Confession. I’ve never quite understood the concept of a jealous God. Attributing jealousy to the Almighty, Omnipotent, Creator of the universe, seemed at the least odd and even demeaning.

Too human.

Thinking of God as jealous conjured up memories of spurned girlfriends and boyfriends on the school playground, or the yucky feeling I got when my brother got the attention and accolades from our parents that I was craving.

Surely, God is bigger than that, isn’t he?

Yes. And perhaps the problem comes because we don’t read the complete definition of jealous. We miss the part of the definition that says: fiercely protective or vigilant of one’s rights or possessions.

If we look to the intro of this passage, Exodus 20:2, we see that God identifies himself as the Lord God who rescued the people from slavery in Egypt. Paul describes God’s action as having bought us (1 Corinthians 6:20). The story of Hosea and how he bought back his wife is the metaphor for what God has done, and continues to do for his people.
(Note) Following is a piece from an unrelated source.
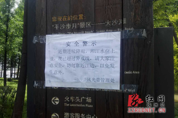 湘江风光带管理处提醒各位市民:现在正是洪峰过境时段,湘江水位已超过保证水位,切勿超过警戒线下河玩水,以免发生意外。

And he is fiercely protective of his possessions. There is some incredibly good news in this. It’s why we can read the 23rd Psalm and feel good, or think of the warm welcome of the Prodigal and feel hope.

But every choice will bring consequences—good or bad. So, choosing to worship anything other than God will incur his wrath and discipline.

We get into trouble by “worshiping anything that ought to be used or using anything that ought to be worshiped (St. Augustine).” For example material possessions, knowledge, sex, science, or political parties. These things grab our devotion, our time, our attention.

Jesus spoke to our twisted tendency in his sermon on the mount: your heart will be where your treasure is (Matthew 6:21). What we passionately pursue becomes our treasure, it supersedes our relationship with God and is an idol.

And God says, “Don’t do it.”

As we work our way through these ten commands, we will see that God wants us to basically get two relationships in proper perspective: our relationship with him, and our relationship with others. No other God except him—God the Creator, not anything we would try to put in his place.